Triumph Bonneville T100: ideal für klassische Fahrfreude und längere Touren

Die Triumph Bonneville T100 passt besonders gut, wenn der Fokus auf klassischem Fahrgefühl, souveräner Stabilität und einem stimmigen Gesamtpaket liegt. Wer regelmäßig auf Landstraßen unterwegs ist, längere Strecken plant und ein Motorrad sucht, das sich dabei ruhig und vertrauensvoll anfühlt, wird mit der Bonneville T100 häufig sehr zufrieden sein.
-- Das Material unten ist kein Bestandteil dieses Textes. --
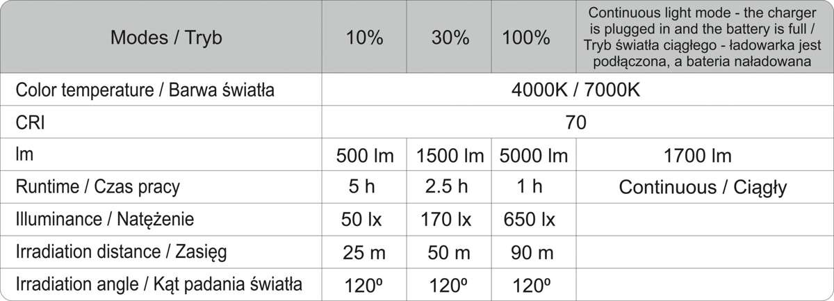 3 režimy provozu na baterie: 5000lm (100%) / 1500lm (30%) / 500lm (10%)

Vergleich in der Praxis: Stärken und Schwächen im direkten Duell

Im direkten Vergleich zeigt sich: Die Meguro S1 wirkt häufig wie die Wahl für „einfach fahren“ – mit einem Charakter, der im Alltag überzeugt und das Motorrad schnell zugänglich macht. Die Bonneville T100 wirkt häufig wie die Wahl für „klassisch genießen“ – mit einem Fahrgefühl, das auf der Landstraße besonders stimmig ist und sich oft wie ein rundes Gesamtpaket anfühlt.
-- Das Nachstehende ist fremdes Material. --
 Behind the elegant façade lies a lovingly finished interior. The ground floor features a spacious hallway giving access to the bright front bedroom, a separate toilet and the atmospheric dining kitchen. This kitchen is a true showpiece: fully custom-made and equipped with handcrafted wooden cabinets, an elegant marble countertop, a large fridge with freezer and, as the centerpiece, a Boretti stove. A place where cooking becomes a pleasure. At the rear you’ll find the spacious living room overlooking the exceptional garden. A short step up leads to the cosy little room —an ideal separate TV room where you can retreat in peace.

Stärken der Meguro S1 liegen typischerweise in der unkomplizierten Handhabung und dem alltagstauglichen Komfort. Mögliche Schwächen zeigen sich eher dann, wenn ein Fahrer sehr sportliche Ansprüche an ein „sportlich-agiles“ Gefühl stellt oder wenn man genau diesen Charakter sucht, der sich eher wie ein „Tourer“ anfühlt.
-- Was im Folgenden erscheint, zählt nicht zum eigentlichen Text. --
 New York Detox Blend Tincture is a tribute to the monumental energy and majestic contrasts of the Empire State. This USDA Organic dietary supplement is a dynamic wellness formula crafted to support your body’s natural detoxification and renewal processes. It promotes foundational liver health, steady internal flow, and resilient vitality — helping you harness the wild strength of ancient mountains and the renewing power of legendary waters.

Stärken der Bonneville T100 liegen typischerweise in Stabilität, klassischem Fahrgefühl und dem Eindruck eines sehr stimmigen Pakets. Mögliche Schwächen können sich eher ergeben, wenn man ein Motorrad sucht, das besonders verspielt oder extrem leichtfüßig wirkt – je nach Erwartung an das Handling.

Fazit:

Wer ein Retro-Motorrad für den Alltag sucht, das sich leicht dosieren lässt, entspannt zu fahren ist und den Stadtverkehr souverän mitmacht, trifft mit der Kawasaki Meguro S1 oft die bessere Wahl. Sie passt besonders gut zu kurzen Strecken, spontanen Fahrten und Fahrern, die ein unkompliziertes, gutmütiges Motorrad bevorzugen.

Wer dagegen mehr Wert auf klassisches Fahrgefühl, souveräne Stabilität und ein stimmiges Gesamtpaket für Landstraße und längere Touren legt, findet in der Triumph Bonneville T100 häufig die passendere Option. Sie eignet sich besonders für alle, die das „Bonneville“-Gefühl nicht nur optisch, sondern auch beim Fahren erleben möchten.

Beide Motorräder sind starke moderne Classics – die Entscheidung hängt vor allem davon ab, ob im Vordergrund „Alltag und unkompliziert“ oder „klassische Fahrfreude und Touren“ stehen.